» WHAT YOU WILL DO: Below are some records. Retype exactly the lines from the one containing "Рис. 8.6 Машины" through the one containing "Rock blocks painted", both included, skipping every picture.

» SUPPLIED MATERIAL:
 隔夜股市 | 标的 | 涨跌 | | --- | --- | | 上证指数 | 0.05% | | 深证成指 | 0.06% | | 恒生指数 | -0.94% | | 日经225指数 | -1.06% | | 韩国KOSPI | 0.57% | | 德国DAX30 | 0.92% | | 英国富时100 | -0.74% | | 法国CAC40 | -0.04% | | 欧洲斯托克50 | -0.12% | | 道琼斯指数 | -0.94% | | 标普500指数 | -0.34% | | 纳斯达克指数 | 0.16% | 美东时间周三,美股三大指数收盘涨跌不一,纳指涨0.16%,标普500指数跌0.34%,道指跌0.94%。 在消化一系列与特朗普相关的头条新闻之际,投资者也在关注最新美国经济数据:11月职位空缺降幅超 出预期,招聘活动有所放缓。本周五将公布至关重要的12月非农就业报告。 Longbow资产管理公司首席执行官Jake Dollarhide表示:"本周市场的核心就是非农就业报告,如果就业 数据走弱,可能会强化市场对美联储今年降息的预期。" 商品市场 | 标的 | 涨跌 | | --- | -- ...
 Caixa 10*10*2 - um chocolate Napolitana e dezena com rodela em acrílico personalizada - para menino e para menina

---

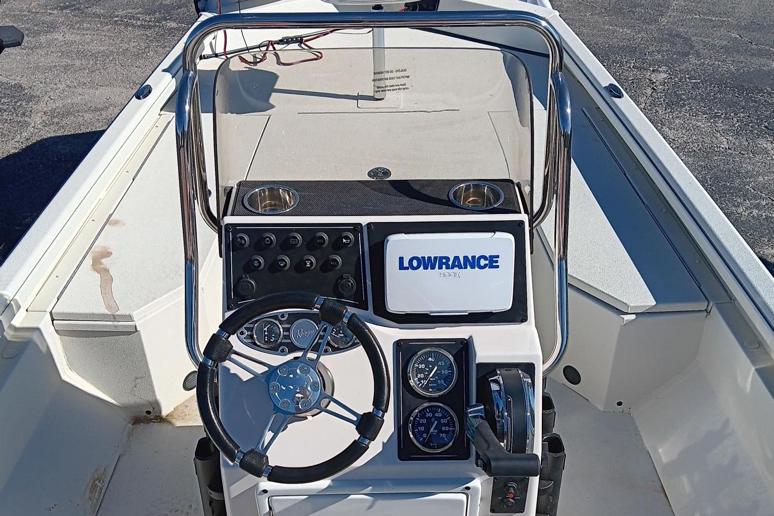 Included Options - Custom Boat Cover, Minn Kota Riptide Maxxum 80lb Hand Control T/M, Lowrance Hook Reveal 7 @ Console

==

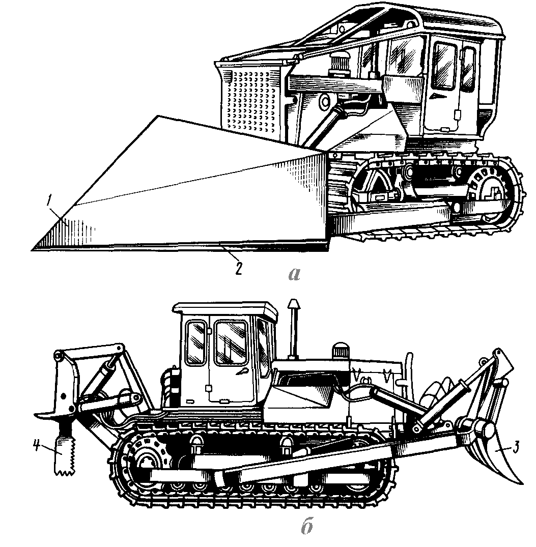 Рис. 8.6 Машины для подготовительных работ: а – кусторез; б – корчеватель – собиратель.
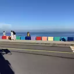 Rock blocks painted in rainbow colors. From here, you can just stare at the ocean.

» RESPONSE TO THIS TASK:
 Рис. 8.6 Машины для подготовительных работ: а – кусторез; б – корчеватель – собиратель.
 Rock blocks painted in rainbow colors. From here, you can just stare at the ocean.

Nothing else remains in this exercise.